中年も半ばを過ぎて、うまい棒のめんたい味をはじめて食べて感動するというエピソード。それを笑いながらも我がこととして受け止める私の心。近年、ときには「かわいい」とすら称されるタイプの偏り。毒はないがしびれる。自虐のような自尊。なんだかいろんなことを考えてしまう。

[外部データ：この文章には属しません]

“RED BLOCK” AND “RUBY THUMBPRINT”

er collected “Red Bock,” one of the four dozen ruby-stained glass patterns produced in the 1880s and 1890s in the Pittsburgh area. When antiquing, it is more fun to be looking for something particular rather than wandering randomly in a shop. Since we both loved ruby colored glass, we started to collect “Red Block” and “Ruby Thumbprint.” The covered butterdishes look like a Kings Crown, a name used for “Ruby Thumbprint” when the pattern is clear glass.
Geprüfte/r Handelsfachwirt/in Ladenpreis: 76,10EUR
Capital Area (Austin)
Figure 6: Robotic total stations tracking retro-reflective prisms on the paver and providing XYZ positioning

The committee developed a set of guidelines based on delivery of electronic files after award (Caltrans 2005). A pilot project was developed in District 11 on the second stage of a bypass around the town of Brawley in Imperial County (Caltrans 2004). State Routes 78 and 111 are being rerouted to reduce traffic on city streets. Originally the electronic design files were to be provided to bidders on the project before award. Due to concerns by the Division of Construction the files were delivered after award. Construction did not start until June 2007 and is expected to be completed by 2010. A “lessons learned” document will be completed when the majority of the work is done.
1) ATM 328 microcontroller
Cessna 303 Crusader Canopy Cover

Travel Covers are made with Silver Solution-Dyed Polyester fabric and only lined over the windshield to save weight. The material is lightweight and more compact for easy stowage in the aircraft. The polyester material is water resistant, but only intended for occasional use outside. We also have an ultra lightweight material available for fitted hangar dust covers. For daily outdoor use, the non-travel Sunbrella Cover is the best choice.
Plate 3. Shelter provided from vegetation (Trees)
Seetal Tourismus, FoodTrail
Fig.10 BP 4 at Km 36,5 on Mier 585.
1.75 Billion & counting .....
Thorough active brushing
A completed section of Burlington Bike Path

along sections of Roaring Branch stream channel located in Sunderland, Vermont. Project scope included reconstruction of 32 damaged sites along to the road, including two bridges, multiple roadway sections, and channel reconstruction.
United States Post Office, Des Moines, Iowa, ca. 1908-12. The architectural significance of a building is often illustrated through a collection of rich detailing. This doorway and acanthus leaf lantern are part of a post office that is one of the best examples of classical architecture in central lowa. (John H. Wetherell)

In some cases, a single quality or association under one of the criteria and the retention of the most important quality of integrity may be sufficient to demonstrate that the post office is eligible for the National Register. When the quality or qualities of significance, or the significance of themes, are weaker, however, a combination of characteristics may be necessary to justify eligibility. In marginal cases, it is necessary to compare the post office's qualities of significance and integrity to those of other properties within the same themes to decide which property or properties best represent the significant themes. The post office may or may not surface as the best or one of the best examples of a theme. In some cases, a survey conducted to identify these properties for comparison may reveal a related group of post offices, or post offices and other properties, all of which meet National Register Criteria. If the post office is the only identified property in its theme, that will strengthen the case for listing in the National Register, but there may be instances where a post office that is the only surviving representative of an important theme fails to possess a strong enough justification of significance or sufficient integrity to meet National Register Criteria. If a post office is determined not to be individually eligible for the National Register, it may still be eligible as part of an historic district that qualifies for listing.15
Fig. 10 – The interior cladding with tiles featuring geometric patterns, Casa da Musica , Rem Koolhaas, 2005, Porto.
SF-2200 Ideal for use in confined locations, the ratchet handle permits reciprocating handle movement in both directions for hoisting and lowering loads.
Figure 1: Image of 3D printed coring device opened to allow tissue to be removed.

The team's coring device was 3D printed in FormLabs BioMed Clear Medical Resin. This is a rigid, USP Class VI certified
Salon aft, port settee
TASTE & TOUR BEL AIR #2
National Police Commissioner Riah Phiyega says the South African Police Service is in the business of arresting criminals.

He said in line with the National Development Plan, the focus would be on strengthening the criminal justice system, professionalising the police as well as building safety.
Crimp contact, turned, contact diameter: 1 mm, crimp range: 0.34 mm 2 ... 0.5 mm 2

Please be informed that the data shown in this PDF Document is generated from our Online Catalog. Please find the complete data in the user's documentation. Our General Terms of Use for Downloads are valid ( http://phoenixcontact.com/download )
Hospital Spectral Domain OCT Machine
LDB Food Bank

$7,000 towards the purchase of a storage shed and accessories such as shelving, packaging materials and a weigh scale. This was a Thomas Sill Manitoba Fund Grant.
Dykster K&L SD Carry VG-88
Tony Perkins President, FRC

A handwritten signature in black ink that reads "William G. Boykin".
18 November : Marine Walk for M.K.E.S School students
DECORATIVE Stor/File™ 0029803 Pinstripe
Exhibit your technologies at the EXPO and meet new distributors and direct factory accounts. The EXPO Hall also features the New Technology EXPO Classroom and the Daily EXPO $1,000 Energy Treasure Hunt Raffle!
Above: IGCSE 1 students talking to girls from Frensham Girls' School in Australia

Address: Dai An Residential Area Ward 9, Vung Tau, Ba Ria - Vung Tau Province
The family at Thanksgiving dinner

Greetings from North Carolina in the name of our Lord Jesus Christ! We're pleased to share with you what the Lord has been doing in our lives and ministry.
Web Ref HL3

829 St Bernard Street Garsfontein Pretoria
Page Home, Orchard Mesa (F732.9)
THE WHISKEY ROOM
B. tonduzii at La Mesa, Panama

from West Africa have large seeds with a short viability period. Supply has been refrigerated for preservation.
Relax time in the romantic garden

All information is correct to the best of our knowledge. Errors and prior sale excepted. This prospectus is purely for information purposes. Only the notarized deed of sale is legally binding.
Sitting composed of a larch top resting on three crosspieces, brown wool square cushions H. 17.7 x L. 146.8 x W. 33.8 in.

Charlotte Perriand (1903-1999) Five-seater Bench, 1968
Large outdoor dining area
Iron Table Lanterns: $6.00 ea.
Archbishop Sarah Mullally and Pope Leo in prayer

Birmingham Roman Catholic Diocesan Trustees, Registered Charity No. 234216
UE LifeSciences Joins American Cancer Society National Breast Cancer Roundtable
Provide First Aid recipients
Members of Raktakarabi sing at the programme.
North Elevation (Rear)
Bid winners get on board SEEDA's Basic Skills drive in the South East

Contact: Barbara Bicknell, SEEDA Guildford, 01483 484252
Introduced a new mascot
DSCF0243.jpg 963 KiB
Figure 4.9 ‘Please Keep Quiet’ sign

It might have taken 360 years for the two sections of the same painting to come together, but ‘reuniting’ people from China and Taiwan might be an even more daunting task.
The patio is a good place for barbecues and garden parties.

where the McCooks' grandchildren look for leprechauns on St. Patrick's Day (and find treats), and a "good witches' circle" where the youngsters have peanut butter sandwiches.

他者のあらゆる経験にいっちょ噛みできる環境に暮らす今において、「えっ、それをまだ経験していないの?」という驚きが強まっているとも言えるし、逆に、体験が個別化しすぎていてお互いの記憶を共有しづらくなっている今において、共通言語としてしっかり機能している「うまい棒 めんたい味」がすごいとも言える。真逆のことを言っている。しかしこれらは階層が違う話だ。

TikTokで万バズした動画のネタが半年遅れくらいで紅白歌合戦に流れたときに大人たちが「これ流行ったの?」と子どもに聞くと、えっ、今さら? と冷たい反応をされる、みたいなやつとも、構造としてはそんなに離れていない。でも、「うまい棒 めんたい味を生まれてはじめて食べて感動した中年」という内容には、ある種の断絶みたいなものがあまり感じられない。思えば不思議なことだなと思う。根本には、YouTubeの収録スタジオ内に、松崎さんの映画愛に対するスタッフ全員のリスペクトが注ぎ込まれているという前提があって、だからこそ温泉の泡のように暖かくはじける笑いが場に満ちたのだとは思う。

つまりあそこにあったのは、近年、あまり見ることのなくなった、

「それを今まで知らなかったの? →(からの)→ サイコーじゃん」

という展開というか空気だった。私はそれをなんだかすごく尊いと思ってしみじみ2回ほど見てしまった。今わりと切実に、「おかしのまちおか」に行きたい。